··· Data ···

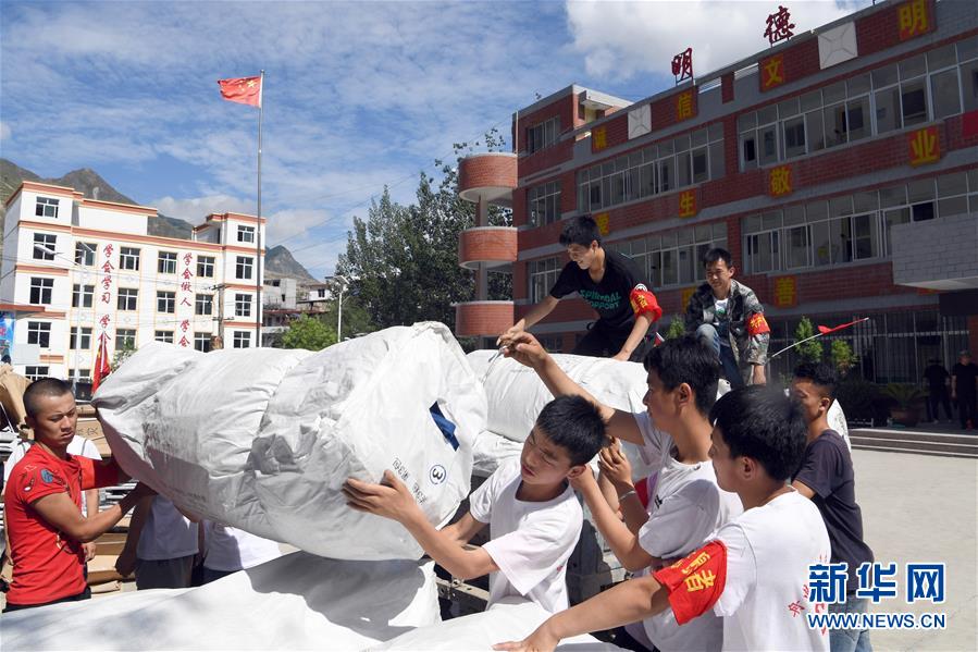 7月16日,在舟曲县南峪乡,志愿者在临时物资转运点搬运救灾物资。 新华社记者 范培珅 摄
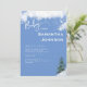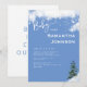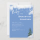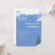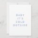 Convite para chás de fraldas. Informação na frente e atrás. Neve. Árvores de inverno. Querida, está frio lá fora. Fundo branco e azul. Texto branco.
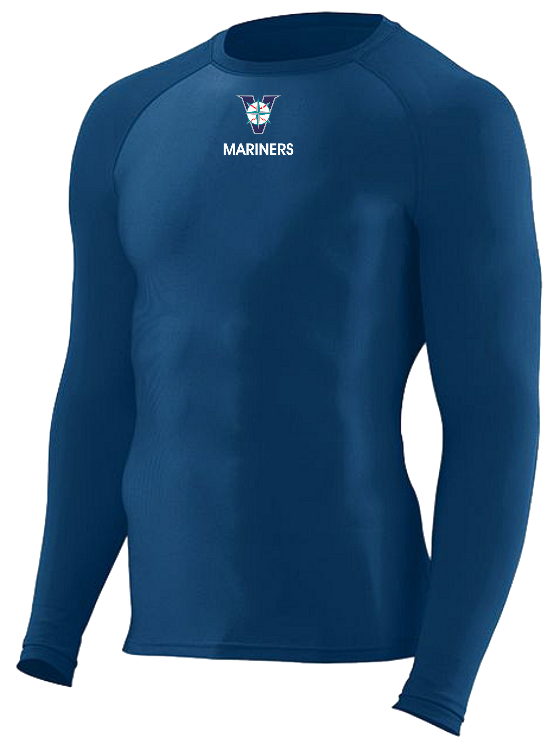 Unisex Long Sleeve COMPRESSION Tshirt with 2024 Victoria Mariners Baseball Club 'V' Logo.

···

Work instruction:
Pictures must be left out. Return verbatim only the lines from the line with "Convite para chás" through the final line of the material above, including both ends.

Response area:
 Convite para chás de fraldas. Informação na frente e atrás. Neve. Árvores de inverno. Querida, está frio lá fora. Fundo branco e azul. Texto branco.
 Unisex Long Sleeve COMPRESSION Tshirt with 2024 Victoria Mariners Baseball Club 'V' Logo.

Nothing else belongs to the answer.